++++ Study material ++++

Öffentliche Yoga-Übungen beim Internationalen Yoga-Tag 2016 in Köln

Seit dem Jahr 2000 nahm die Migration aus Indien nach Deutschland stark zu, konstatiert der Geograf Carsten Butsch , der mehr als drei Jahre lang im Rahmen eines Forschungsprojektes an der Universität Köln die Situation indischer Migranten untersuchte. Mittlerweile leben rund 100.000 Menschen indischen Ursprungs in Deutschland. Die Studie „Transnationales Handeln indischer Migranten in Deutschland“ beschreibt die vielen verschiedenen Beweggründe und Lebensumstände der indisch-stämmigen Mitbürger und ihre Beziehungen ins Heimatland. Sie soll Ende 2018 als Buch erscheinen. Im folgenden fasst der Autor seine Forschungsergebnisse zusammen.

++++
++++ Study material ++++

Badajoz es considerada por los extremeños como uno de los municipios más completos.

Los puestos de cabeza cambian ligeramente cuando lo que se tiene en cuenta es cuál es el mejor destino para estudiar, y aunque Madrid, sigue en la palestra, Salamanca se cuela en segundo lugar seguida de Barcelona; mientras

++++

(What to do) Set down, from the entries above, exactly the lines from the one with "Badajoz es considerada" up to and including the one with "Los puestos de", and no other lines.

(Output of the task)
Badajoz es considerada por los extremeños como uno de los municipios más completos.

Los puestos de cabeza cambian ligeramente cuando lo que se tiene en cuenta es cuál es el mejor destino para estudiar, y aunque Madrid, sigue en la palestra, Salamanca se cuela en segundo lugar seguida de Barcelona; mientras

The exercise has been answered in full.